(YOUR INSTRUCTIONS): With the line containing "図1 諸形質による鑑別における選択率と期待される八重個体率" as the start and the line containing "Carved from greywacke" as the end, transcribe that span of the entries below exactly, including both.

(DATA EXTRACT):
%%
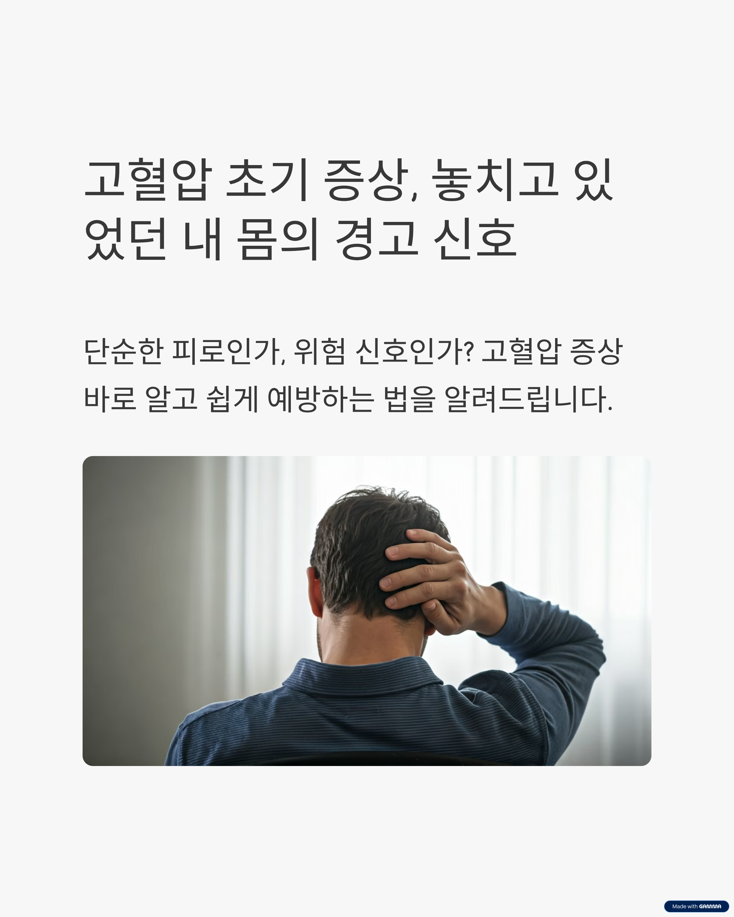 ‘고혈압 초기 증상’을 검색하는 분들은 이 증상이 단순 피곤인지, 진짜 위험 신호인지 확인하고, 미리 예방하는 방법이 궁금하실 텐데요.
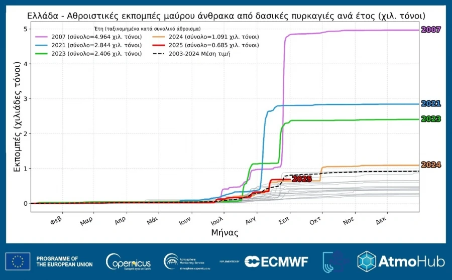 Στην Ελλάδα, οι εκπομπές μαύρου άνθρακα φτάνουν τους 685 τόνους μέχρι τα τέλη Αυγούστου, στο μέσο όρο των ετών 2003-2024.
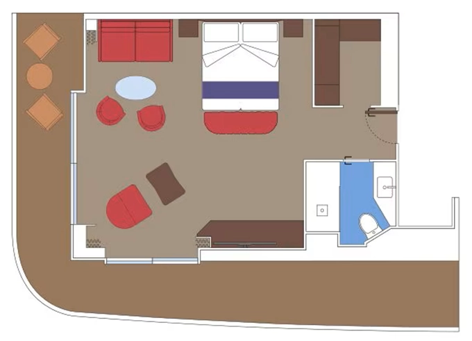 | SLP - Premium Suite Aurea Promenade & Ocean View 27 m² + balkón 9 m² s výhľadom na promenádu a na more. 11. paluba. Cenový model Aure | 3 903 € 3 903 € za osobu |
%%
%%
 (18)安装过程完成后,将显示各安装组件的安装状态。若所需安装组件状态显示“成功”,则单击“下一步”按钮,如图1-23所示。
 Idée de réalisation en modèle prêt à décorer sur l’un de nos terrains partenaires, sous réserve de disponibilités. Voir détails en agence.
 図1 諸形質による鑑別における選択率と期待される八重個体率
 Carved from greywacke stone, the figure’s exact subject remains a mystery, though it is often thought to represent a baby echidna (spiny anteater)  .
%%
%%
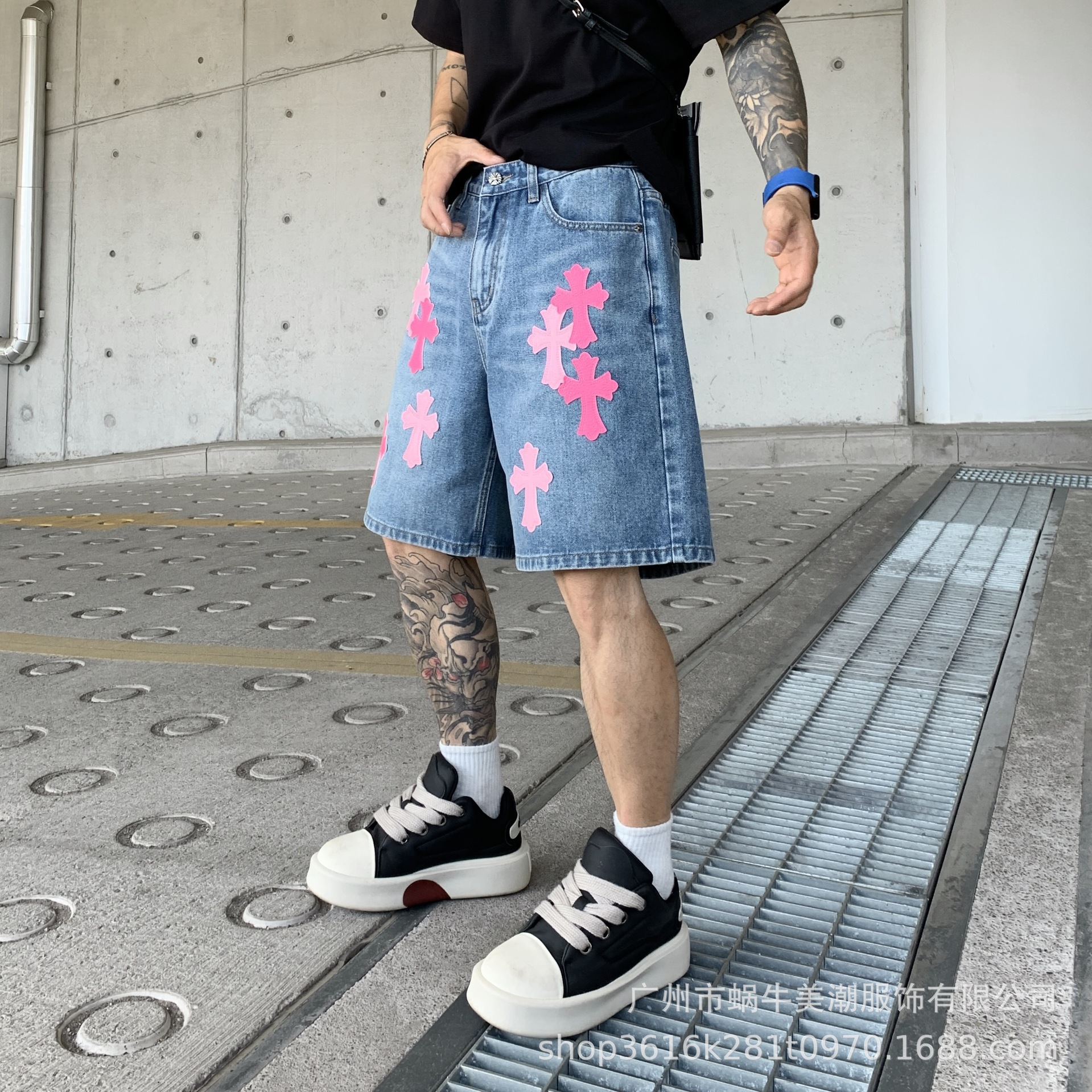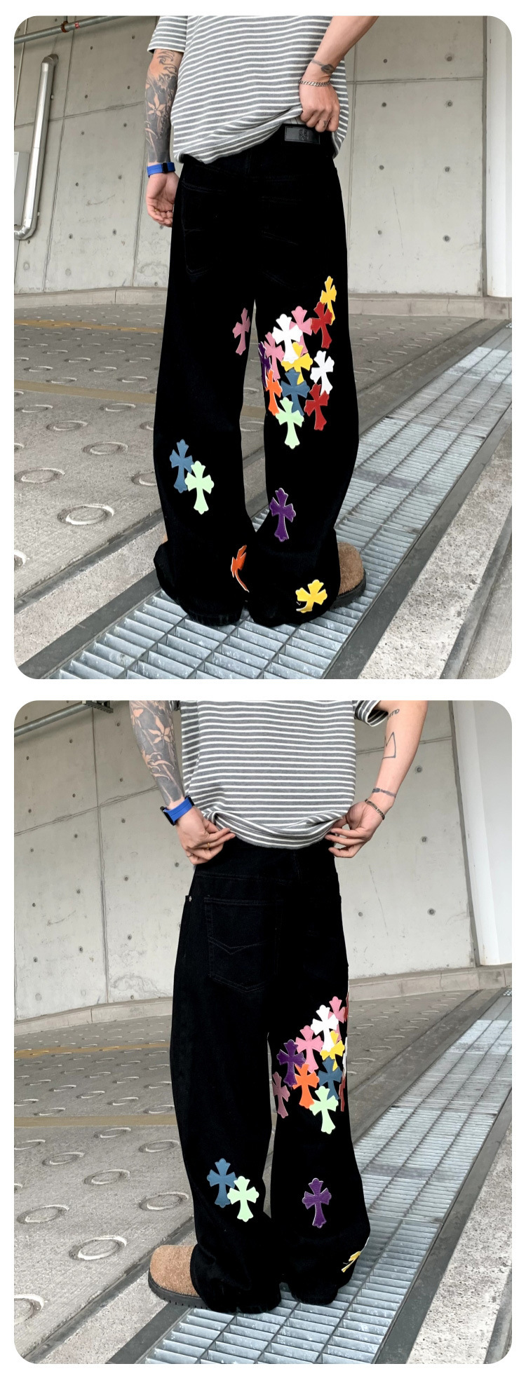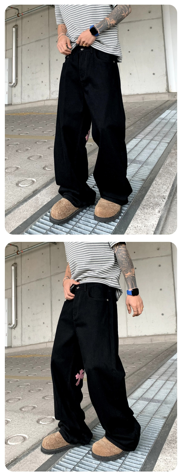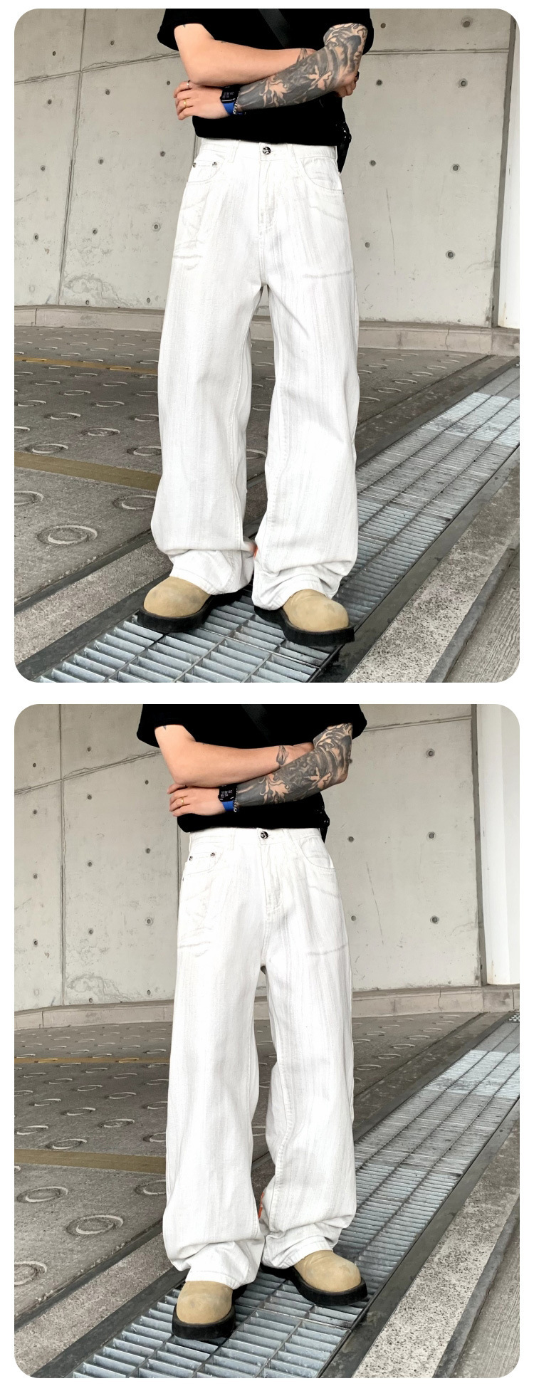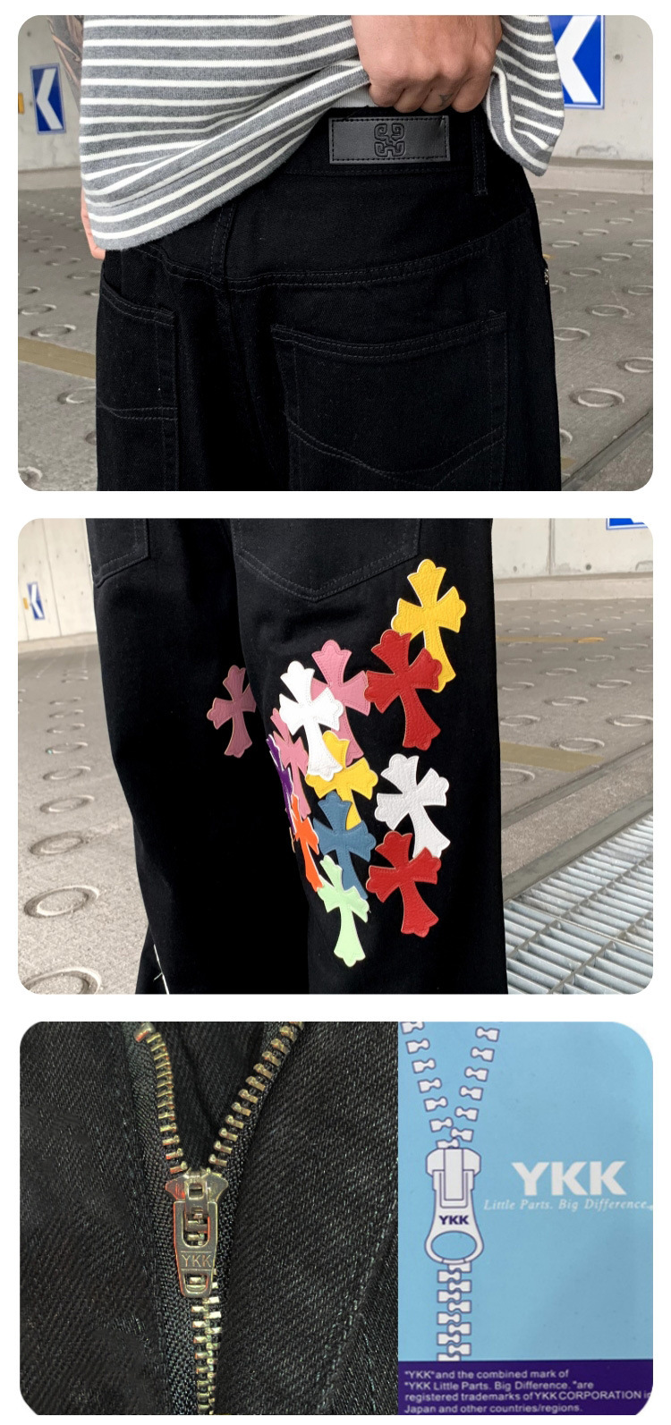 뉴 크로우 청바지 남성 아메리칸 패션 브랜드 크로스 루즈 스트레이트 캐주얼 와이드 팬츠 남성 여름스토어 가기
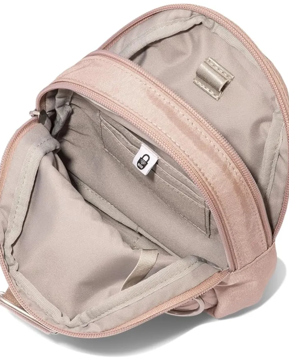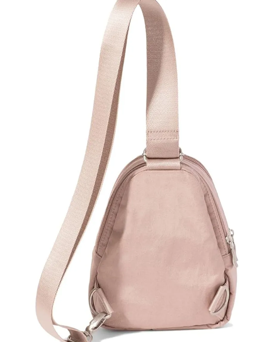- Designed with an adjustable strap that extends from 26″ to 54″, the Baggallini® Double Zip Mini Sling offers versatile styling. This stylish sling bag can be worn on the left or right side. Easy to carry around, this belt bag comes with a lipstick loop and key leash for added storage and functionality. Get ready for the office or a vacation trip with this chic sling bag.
%%
(RESPONSE AREA):
 図1 諸形質による鑑別における選択率と期待される八重個体率
 Carved from greywacke stone, the figure’s exact subject remains a mystery, though it is often thought to represent a baby echidna (spiny anteater)  .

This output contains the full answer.